Broadcom shares slump as revenue target fails to impress investors counting on AI boost

By Akash Sriram and Arsheeya Bajwa

(Reuters) -Broadcom’s shares closed down 10% on Friday after the chipmaker’s tepid revenue forecast spooked investors betting on robust demand for AI chips to drive strong growth.

Chipmakers are bearing the brunt of Wall Street’s lofty expectations after a months-long rally in shares of semiconductor firms, as investors bet heavily on the hardware that supports generative AI technology.

Broadcom posted a big decline in quarterly revenue from its broadband and non-AI networking divisions on Thursday, while a hike in its annual forecast for AI chip sales failed to impress growth-hungry investors who have driven a more than 35% increase in its shares so far this year.

The drop in Broadcom’s shares stems from “the lack of upside in estimates .. and outlook in AI revenue … along with lackluster semiconductor segment revenue,” said CFRA Research analyst Angelo Zino.

While the company increased its sales forecast for AI chips by $1 billion for the fiscal year ending October to $12 billion, the boost was in line with widespread expectations, Zino said.

The selloff in Broadcom’s shares wiped out more than $73 billion off its market value at the close of the market.

Artificial intelligence-linked chips are still a bright spot for Broadcom, as Big Tech invests in the datacenter infrastructure necessary to move around the hoards of data used by AI models.

However, Broadcom’s custom AI chip business could see lumpy growth due to its dependence on a limited number of customers spending large amounts of capital.

Broadcom does not name its three custom AI chip clients, but is reported to be behind Alphabet’s TPU chips employed in the tech giant’s datacenters.

Morgan Stanley analysts said Broadcom’s AI revenue could be uneven, though it noted still-strong growth this year. The company’s AI chip revenue is expected to rise 10% sequentially to over $3.5 billion in the current quarter.

The company’s shares were valued at around 26 times forward earnings expectations compared to about 30 for AI chip giant Nvidia.

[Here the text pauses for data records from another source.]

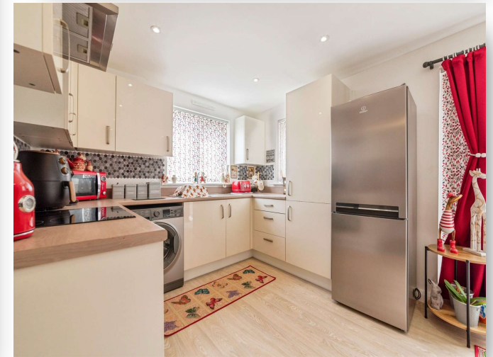
Gilberts Field, North Muskham Newark NG23 6NE
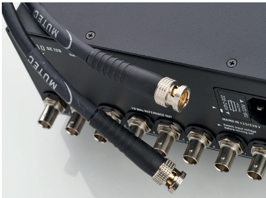
The 75Ω clock cables from MUTEc
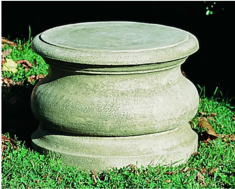
LOW ROUND PLAIN PEDESTAL
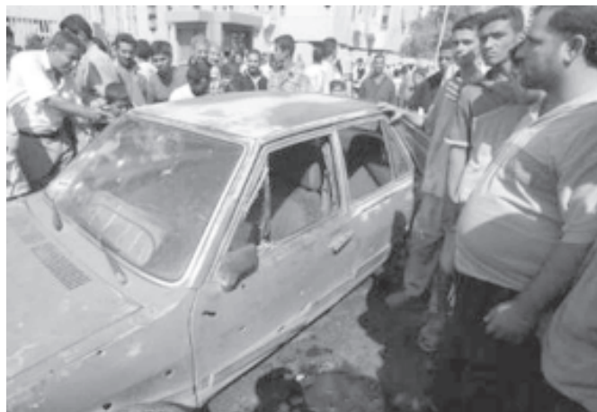
Iraqi men look at a damaged car which was near a US Army vehicle which was hit by a rocket-propelled grenade in Baghdad on 3 July, 2003. At least one US soldier and two Iraqi passers-by were wounded in the attack on Thursday and in a separate incident six US soldiers were wounded in western Iraq in the latest of a spate of increasingly bold guerrilla-style attacks.

မြို့ခြံချွေတာ၊ ထိန်းပါးလေလွင့်၊ ထုတ်ကုန်မြင့်
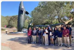
Preuss Marine Biologists Explore Birch Aquarium
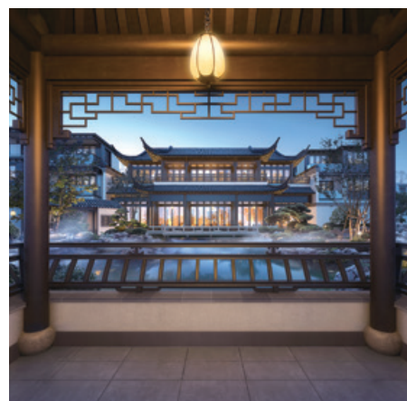
Yiwu • Xiuhu Lotus Garden 義烏 • 秀湖合院

The Group will adhere to the brand concept of “Enjoying a Better Life”, combine with Zhong An’s brand strengths and build a full-scale layout around “real estate +”. On the one hand, it adheres to the workmanship standard of “excellent quality of Hangzhou workmanship” to create high-quality living quarters; on the other hand, it deepens the layout of multiple industries such as commerce, service, hotel, film and television, education, cultural tourism, and finance. We are committed to becoming an integrated service provider that meets people’s needs for a better life by gradually turning their ideas of a better life into real life scenarios. We also focus on the “Healthy China” strategy, continue to pay attention to the ageing of society, and continue to promote medical care and health management for the elderly. We are committed to improving people’s well-being and quality of life.
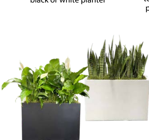
Option 5: Soho Planter 36" Long x 24" Tall x 10" Wide Filled with 2-3' Green plants top-dressed with moss in a black or white planter

Other chip stocks such as Nvidia, Advanced Micro Devices and Micron Tech were relatively flat.

Revenue from Broadcom’s semiconductor segment, which supplies products for data centers and networking, grew 5% year-on-year in the quarter ending July, but just 1% from the previous quarter.

The drop in Broadcom’s stock adds to cooling market enthusiasm for artificial intelligence, even as Big Tech continues to invest in AI development.

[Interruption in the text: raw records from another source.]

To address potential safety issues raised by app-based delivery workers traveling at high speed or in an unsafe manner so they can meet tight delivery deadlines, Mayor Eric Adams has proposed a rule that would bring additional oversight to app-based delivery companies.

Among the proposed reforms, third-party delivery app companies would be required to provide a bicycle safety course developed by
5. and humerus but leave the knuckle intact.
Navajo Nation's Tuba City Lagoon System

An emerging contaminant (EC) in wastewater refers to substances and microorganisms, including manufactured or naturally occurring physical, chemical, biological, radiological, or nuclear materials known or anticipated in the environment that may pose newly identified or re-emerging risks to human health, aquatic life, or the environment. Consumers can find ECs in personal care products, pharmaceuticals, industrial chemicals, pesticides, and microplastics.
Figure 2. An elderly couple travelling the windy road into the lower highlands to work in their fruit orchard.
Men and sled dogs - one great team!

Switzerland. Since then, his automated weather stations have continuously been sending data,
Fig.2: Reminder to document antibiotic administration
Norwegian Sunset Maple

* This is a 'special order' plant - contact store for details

Nvidia shares – a barometer for the AI rally – lost more than 7% last week while Broadcom dropped about 2% as Nvidia’s lackluster forecast sparked a selloff.

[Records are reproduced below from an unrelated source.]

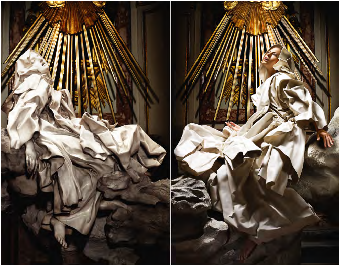
Fig. 2: Francesco Vezzoli, La Nuova Dolce Vita (from the Ecstasy of Saint Teresa to Eva Mendes ), 2009, neon signs, 234 x 150 cm each, Prada Collection – Milan, Rennie Collection – Vancouver, Vanhaerents Collection, Brussels
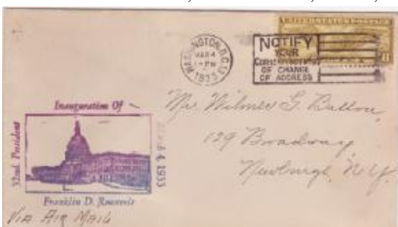
Figure 3 Franklin Roosevelt's first inaugural cover was among the first to be mass produced.

Inauguration in 1933. Commercial cachet makers began designing covers around the time of Dwight D. Eisenhower's second Inauguration in 1957, and by Ronald Reagan's second Inauguration, at least 228 different cachets were printed. For more information you may consult "Noble's Catalog of Cacheted Presidential Inaugural Covers – 1986" edited by Edward Krohn. Just as with First Day Covers, you can make your own Inauguration Day Cover and send it off to Washington, DC for the official cancel. Covers must be franked with the appropriate postage. Send your covers to Inaugural January 20 Cancellation, PO Box 92282, Washington, DC 20090-2282.
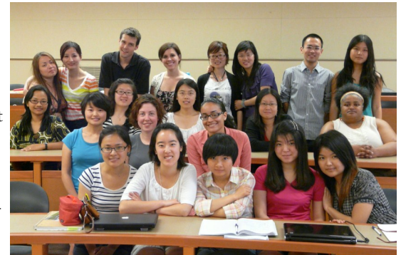
Purdue and ECNU student members of the 2011 "Transnational American Studies" course.

While this program requires effort and commitment from its participants, those involved recognize worth in building a transnational community of scholars. The yearly presence of this course serves as an invaluable part of an ongoing conversation and practice in Transnational American Studies, an advance toward future directions of the field, and a distinctive feature of Purdue and ECNU's American Studies graduate programs.

Broadcom also reported a surprise net loss of $1.88 billion, ending an almost eight-year streak of recording a net profit, according to LSEG data. Analysts had estimated a net profit of $2.88 billion.

The unexpected loss could be attributed to the company relocating some of its intellectual property back to the United States, resulting in a huge tax hit, said Daiwa analyst Louis Miscioscia.